**Exercise inputs**
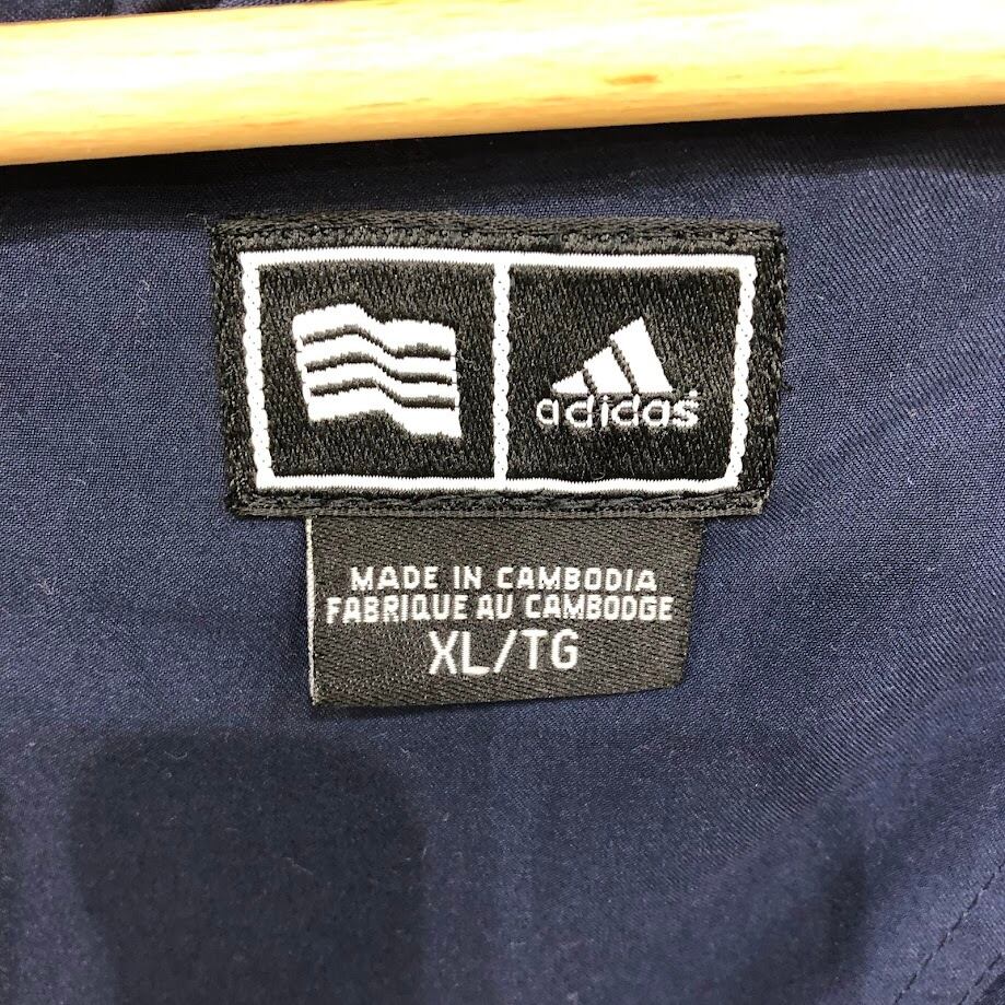 00's vintage 00年代 ヴィンテージ adidas アディダス CLIMAPRIIF WIND クライマプルーフ 襟スリーライン刺繍 アウター ナイロンジャケット バック袖刺繍 CAMBODIA製 XLサイズ ネイビー | OASISCLOTHING 海外古着屋【公式】通販サイト
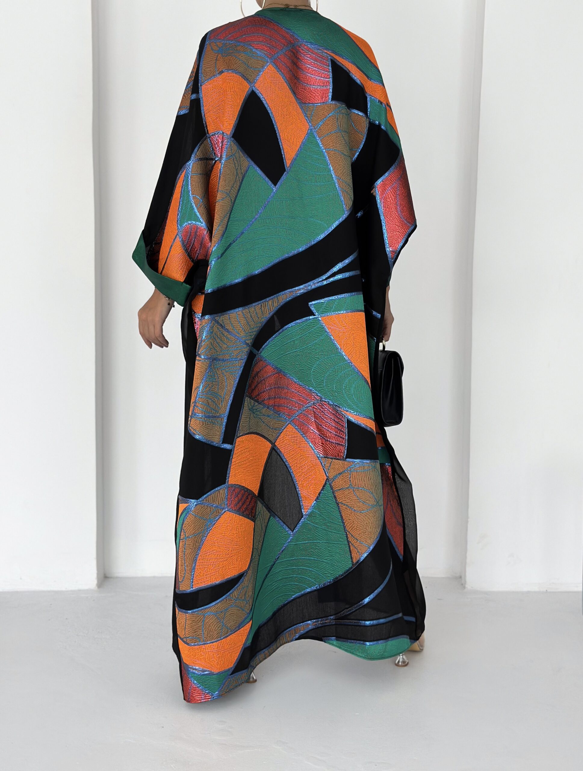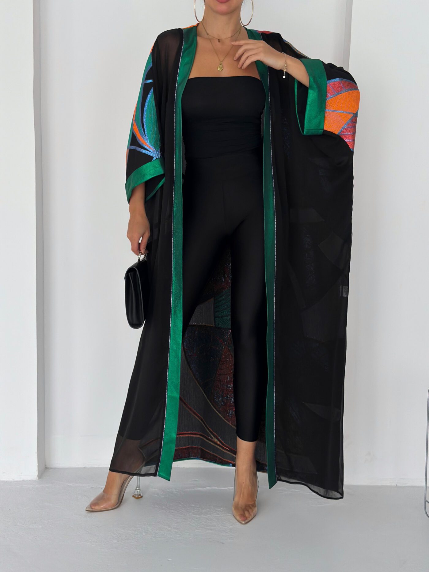 A bold and artistic sheer abaya designed to make a statement.
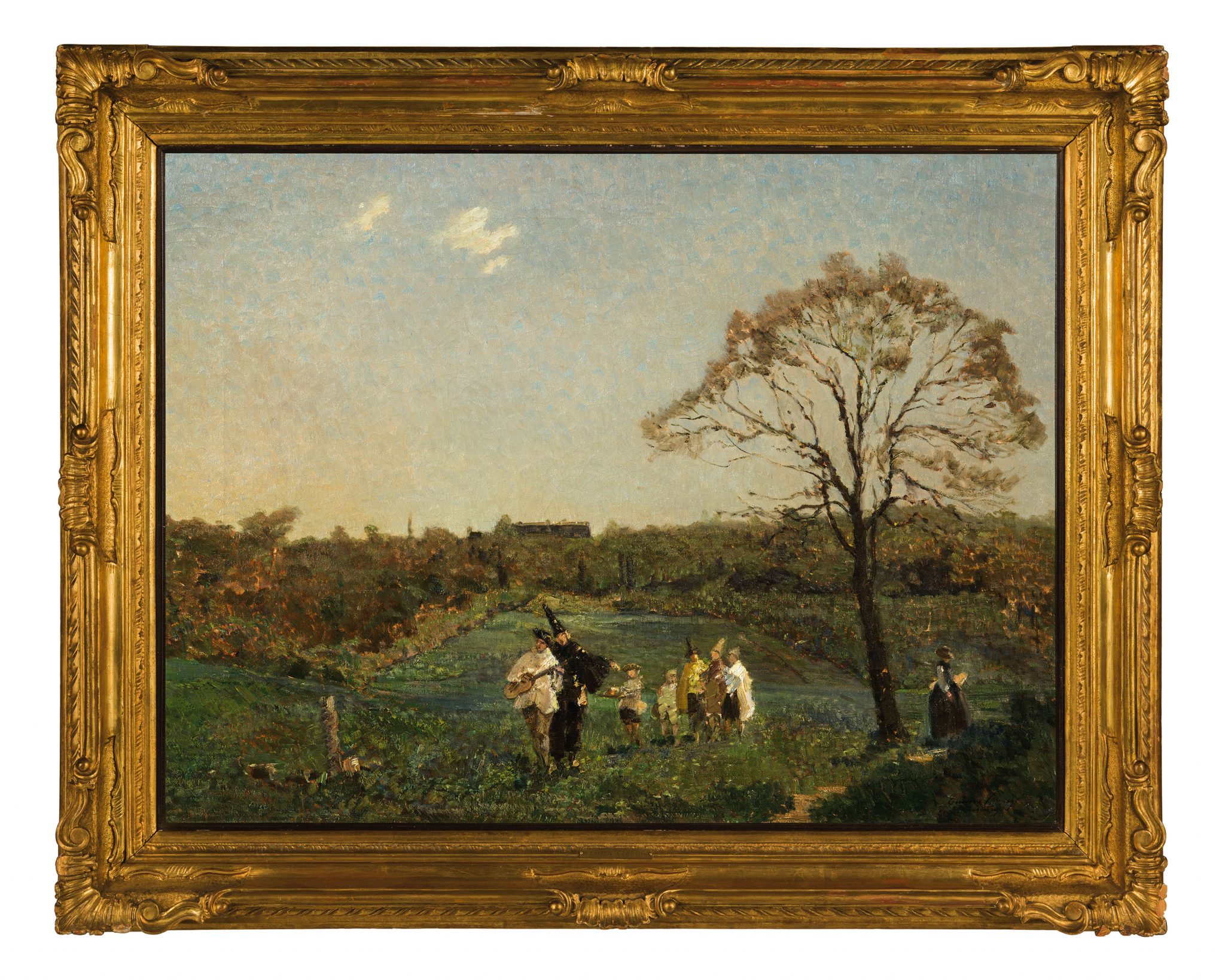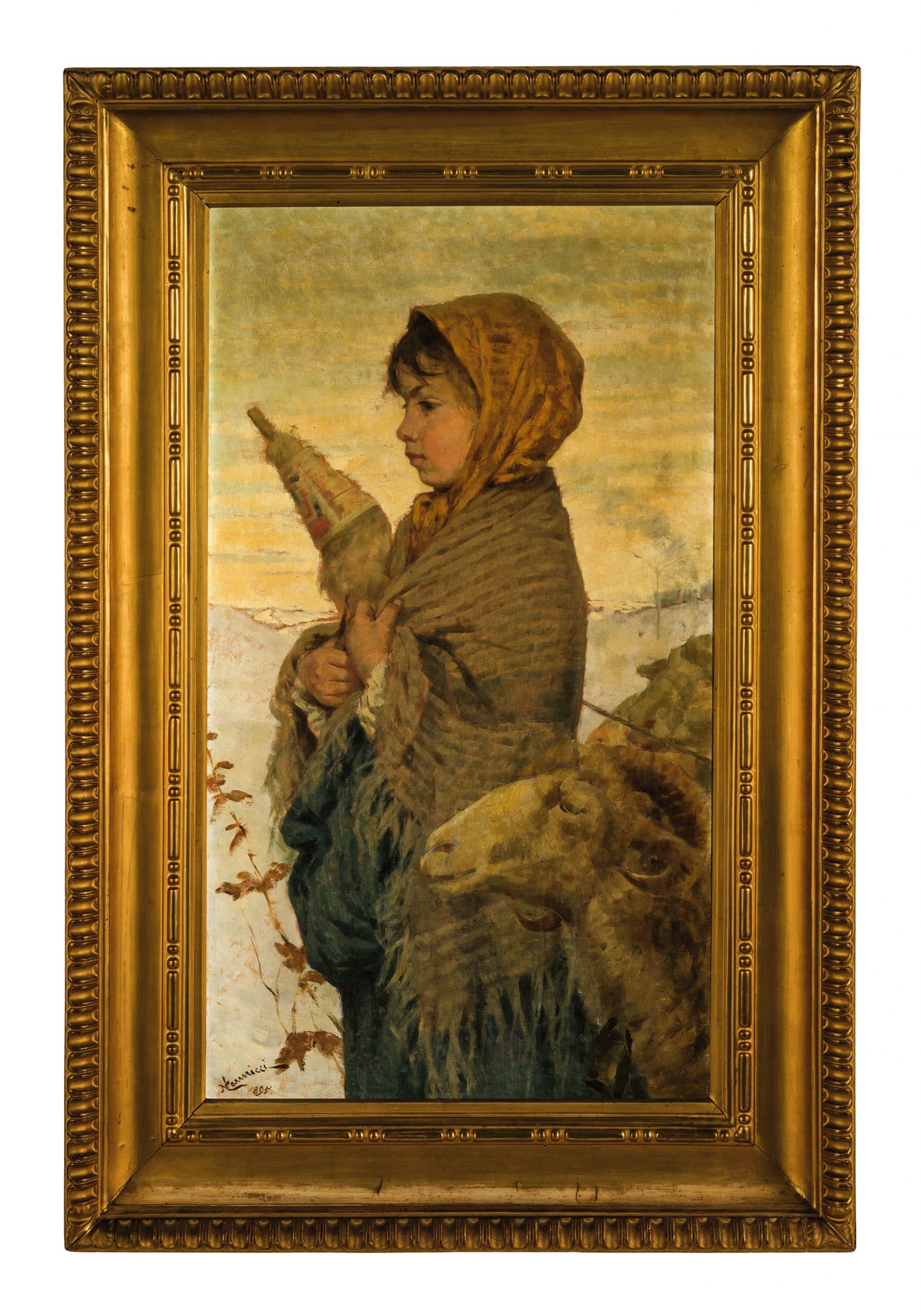 Nella sezione dedicata ai dipinti del XIX secolo emerge, per lo struggente lirismo, la Piccola filatrice di Niccolò Cannicci, datata 1895, tela esposta nello stesso anno negli Stati Uniti alla “Cotton States and International Exposition” di Atlanta, e qui stimata 28.000 – 32.000 euro (lotto 943): opera dove l’artista rende ancora più intima ed introspettiva la lezione macchiaiola di Giovanni Fattori e Telemaco Signorini, lo stesso spirito che anima le Contadine al riposo di Angiolo Tommasi (lotto 941, stima 20.000 – 24.000 euro).
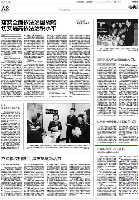 (中国税务报 1月30日 2版)据了解,2017年,武汉市国税局落实营改增减税降负200多亿元;为38万小微纳税人减免增值税14.45亿元。企业所得税共计减免税180多亿元,其中包括,为4万多户小型微利企业减免所得税2.22亿元;享受高新技术企业所得税优惠减税21.79亿元;研发费用加计扣除比例提高后,加计扣除减税15.07亿元。
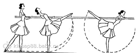 на затакт пр.н відводимо назад, руки відкриваємо в ІІ п. алянже (долоня направлена в підлогу)

**Exercise**
For this exercise, return the data above exactly and leave every picture out.

**Task answer**
 00's vintage 00年代 ヴィンテージ adidas アディダス CLIMAPRIIF WIND クライマプルーフ 襟スリーライン刺繍 アウター ナイロンジャケット バック袖刺繍 CAMBODIA製 XLサイズ ネイビー | OASISCLOTHING 海外古着屋【公式】通販サイト
 A bold and artistic sheer abaya designed to make a statement.
 Nella sezione dedicata ai dipinti del XIX secolo emerge, per lo struggente lirismo, la Piccola filatrice di Niccolò Cannicci, datata 1895, tela esposta nello stesso anno negli Stati Uniti alla “Cotton States and International Exposition” di Atlanta, e qui stimata 28.000 – 32.000 euro (lotto 943): opera dove l’artista rende ancora più intima ed introspettiva la lezione macchiaiola di Giovanni Fattori e Telemaco Signorini, lo stesso spirito che anima le Contadine al riposo di Angiolo Tommasi (lotto 941, stima 20.000 – 24.000 euro).
 (中国税务报 1月30日 2版)据了解,2017年,武汉市国税局落实营改增减税降负200多亿元;为38万小微纳税人减免增值税14.45亿元。企业所得税共计减免税180多亿元,其中包括,为4万多户小型微利企业减免所得税2.22亿元;享受高新技术企业所得税优惠减税21.79亿元;研发费用加计扣除比例提高后,加计扣除减税15.07亿元。
 на затакт пр.н відводимо назад, руки відкриваємо в ІІ п. алянже (долоня направлена в підлогу)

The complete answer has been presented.